-- Opening Marker --
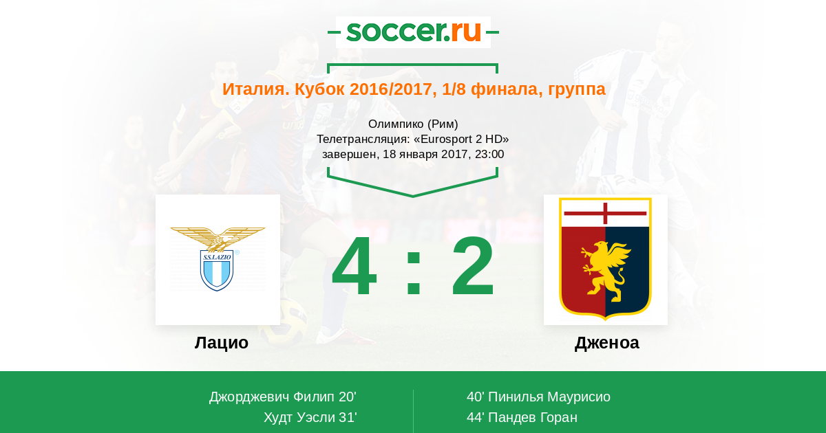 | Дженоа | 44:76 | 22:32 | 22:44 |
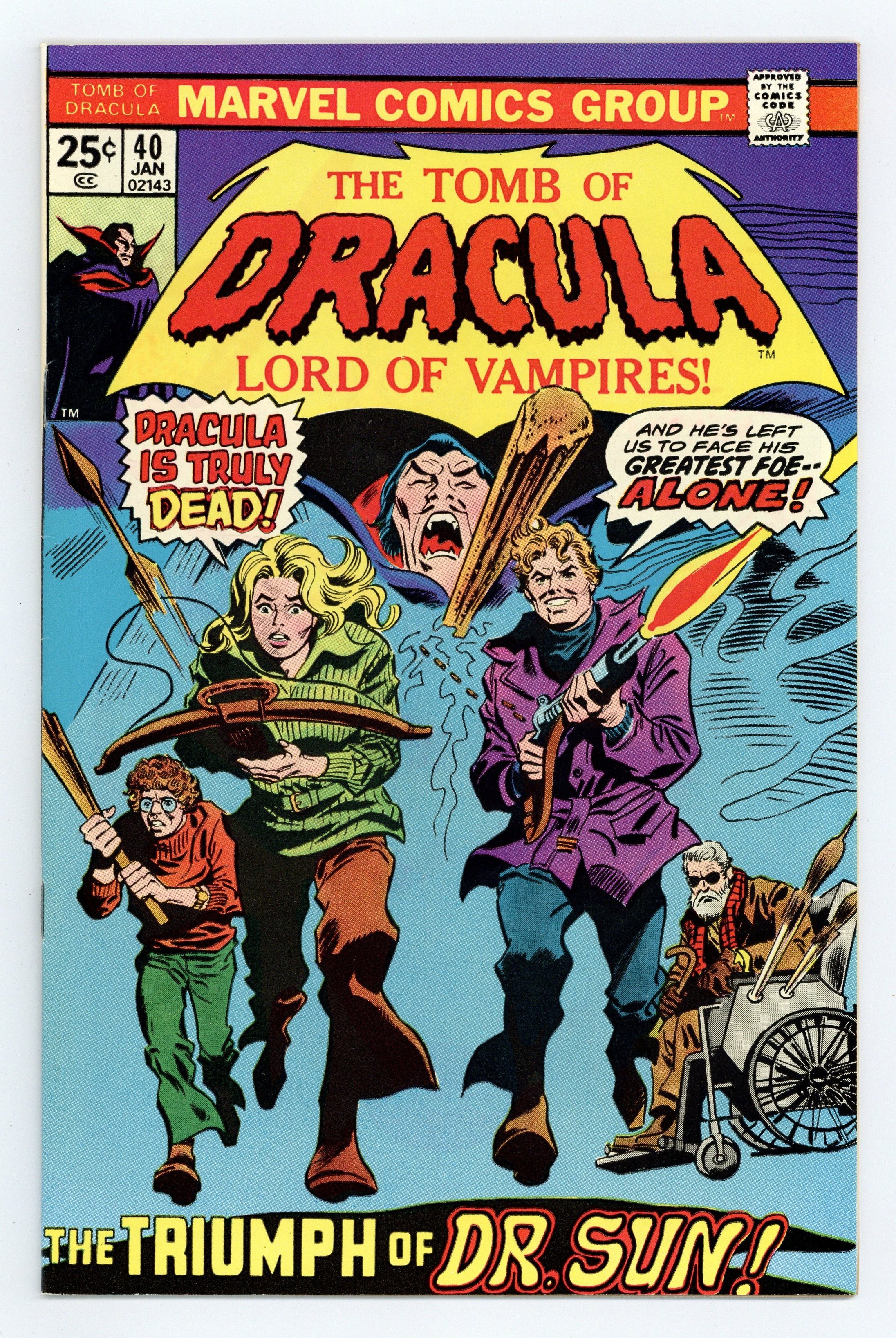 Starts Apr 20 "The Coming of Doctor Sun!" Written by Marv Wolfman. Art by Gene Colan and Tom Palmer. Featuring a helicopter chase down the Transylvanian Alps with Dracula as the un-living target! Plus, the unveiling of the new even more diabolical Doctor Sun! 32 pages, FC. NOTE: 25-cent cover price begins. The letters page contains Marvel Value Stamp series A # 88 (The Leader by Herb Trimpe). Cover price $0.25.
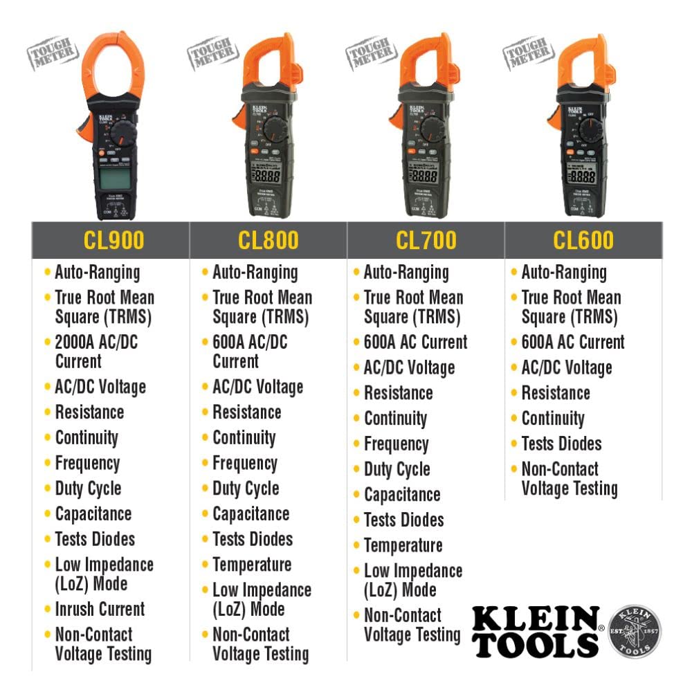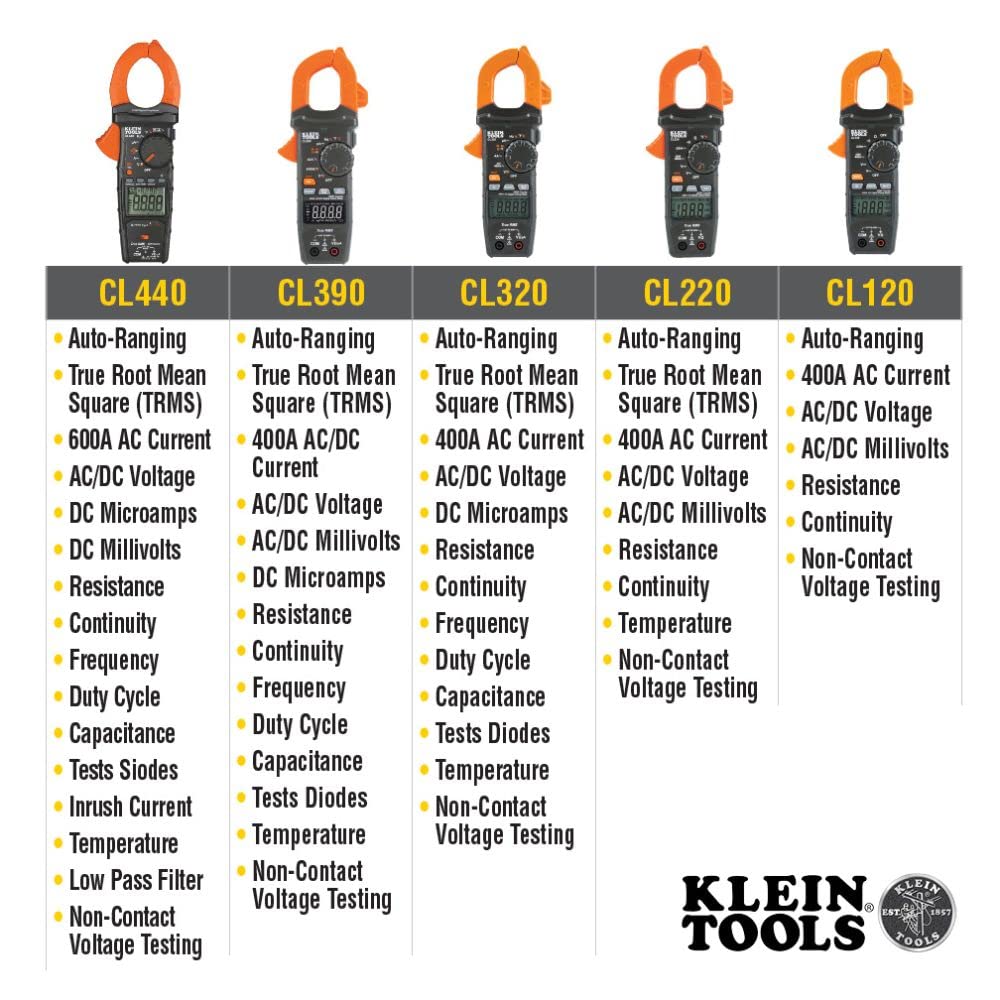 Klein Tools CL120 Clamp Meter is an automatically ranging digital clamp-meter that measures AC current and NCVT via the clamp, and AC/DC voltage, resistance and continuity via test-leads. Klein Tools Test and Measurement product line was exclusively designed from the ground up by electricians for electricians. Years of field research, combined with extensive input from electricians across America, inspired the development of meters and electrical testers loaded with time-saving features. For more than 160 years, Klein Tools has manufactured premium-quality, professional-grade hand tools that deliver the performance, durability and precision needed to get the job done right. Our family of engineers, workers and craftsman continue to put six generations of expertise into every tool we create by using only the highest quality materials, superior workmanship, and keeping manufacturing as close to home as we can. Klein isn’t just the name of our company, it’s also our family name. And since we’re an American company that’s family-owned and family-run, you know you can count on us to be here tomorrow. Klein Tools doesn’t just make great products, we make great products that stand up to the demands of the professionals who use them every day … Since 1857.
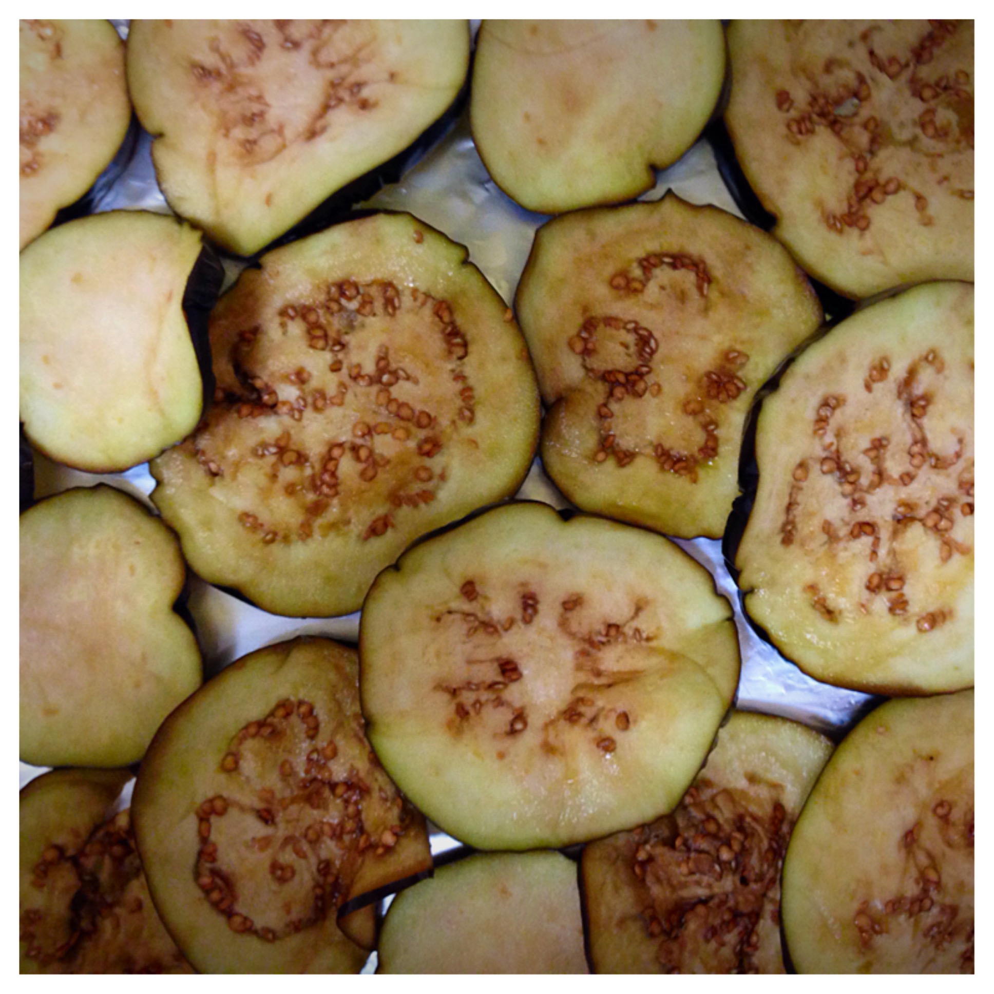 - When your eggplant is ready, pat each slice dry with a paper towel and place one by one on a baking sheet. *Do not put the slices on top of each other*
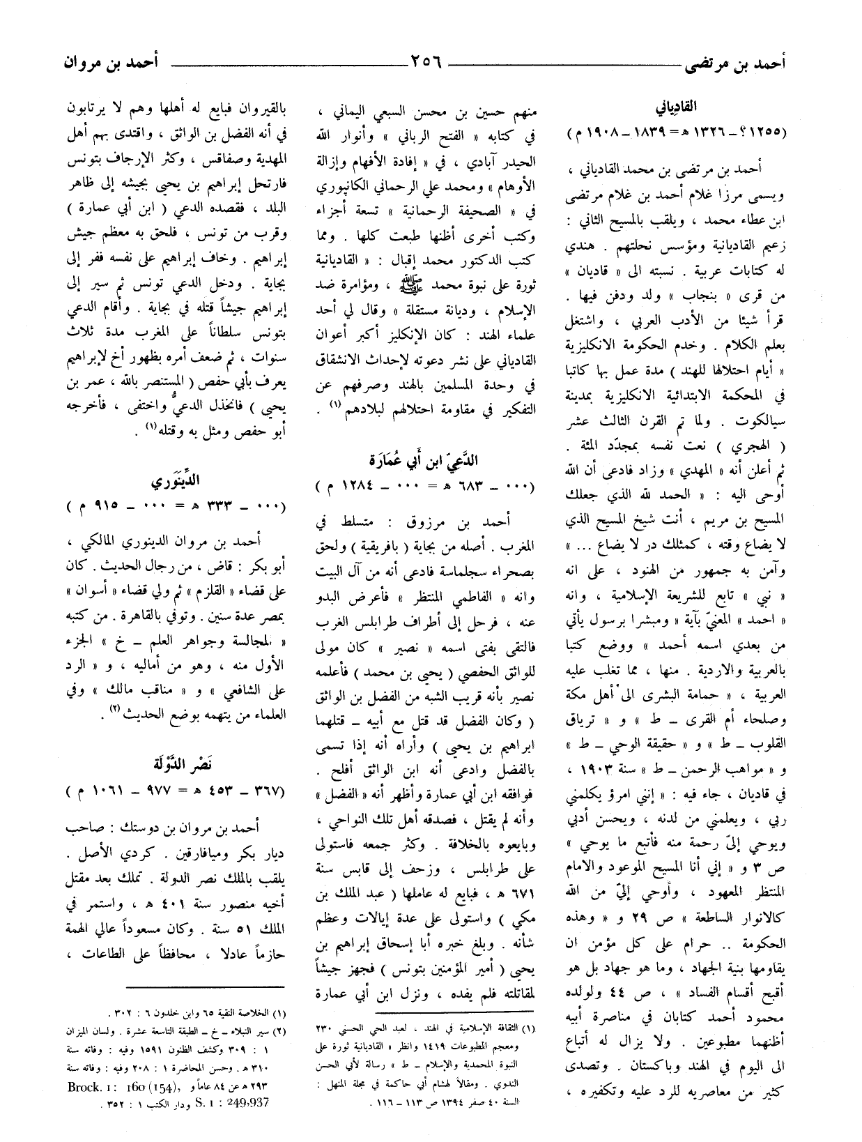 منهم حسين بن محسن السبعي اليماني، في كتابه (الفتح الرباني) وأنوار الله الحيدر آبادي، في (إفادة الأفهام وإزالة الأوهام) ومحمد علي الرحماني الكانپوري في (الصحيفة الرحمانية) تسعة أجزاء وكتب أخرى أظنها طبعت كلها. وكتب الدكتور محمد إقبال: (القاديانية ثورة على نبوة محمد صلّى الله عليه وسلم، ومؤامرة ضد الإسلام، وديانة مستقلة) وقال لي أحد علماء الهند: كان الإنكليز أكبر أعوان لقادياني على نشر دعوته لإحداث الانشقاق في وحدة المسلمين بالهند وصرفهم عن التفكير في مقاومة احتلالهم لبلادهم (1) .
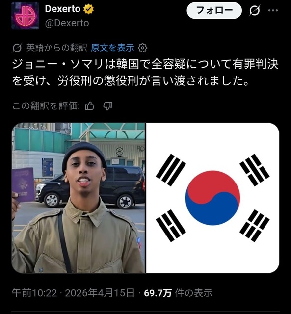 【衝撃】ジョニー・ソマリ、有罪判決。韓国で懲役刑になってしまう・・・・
-- Closing Marker --
What to do - Reproduce the records above exactly, but only from the line with "Starts Apr 20" up to and including the line with "- When your". Leave the pictures out.

Solution to the problem -
 Starts Apr 20 "The Coming of Doctor Sun!" Written by Marv Wolfman. Art by Gene Colan and Tom Palmer. Featuring a helicopter chase down the Transylvanian Alps with Dracula as the un-living target! Plus, the unveiling of the new even more diabolical Doctor Sun! 32 pages, FC. NOTE: 25-cent cover price begins. The letters page contains Marvel Value Stamp series A # 88 (The Leader by Herb Trimpe). Cover price $0.25.
 Klein Tools CL120 Clamp Meter is an automatically ranging digital clamp-meter that measures AC current and NCVT via the clamp, and AC/DC voltage, resistance and continuity via test-leads. Klein Tools Test and Measurement product line was exclusively designed from the ground up by electricians for electricians. Years of field research, combined with extensive input from electricians across America, inspired the development of meters and electrical testers loaded with time-saving features. For more than 160 years, Klein Tools has manufactured premium-quality, professional-grade hand tools that deliver the performance, durability and precision needed to get the job done right. Our family of engineers, workers and craftsman continue to put six generations of expertise into every tool we create by using only the highest quality materials, superior workmanship, and keeping manufacturing as close to home as we can. Klein isn’t just the name of our company, it’s also our family name. And since we’re an American company that’s family-owned and family-run, you know you can count on us to be here tomorrow. Klein Tools doesn’t just make great products, we make great products that stand up to the demands of the professionals who use them every day … Since 1857.
 - When your eggplant is ready, pat each slice dry with a paper towel and place one by one on a baking sheet. *Do not put the slices on top of each other*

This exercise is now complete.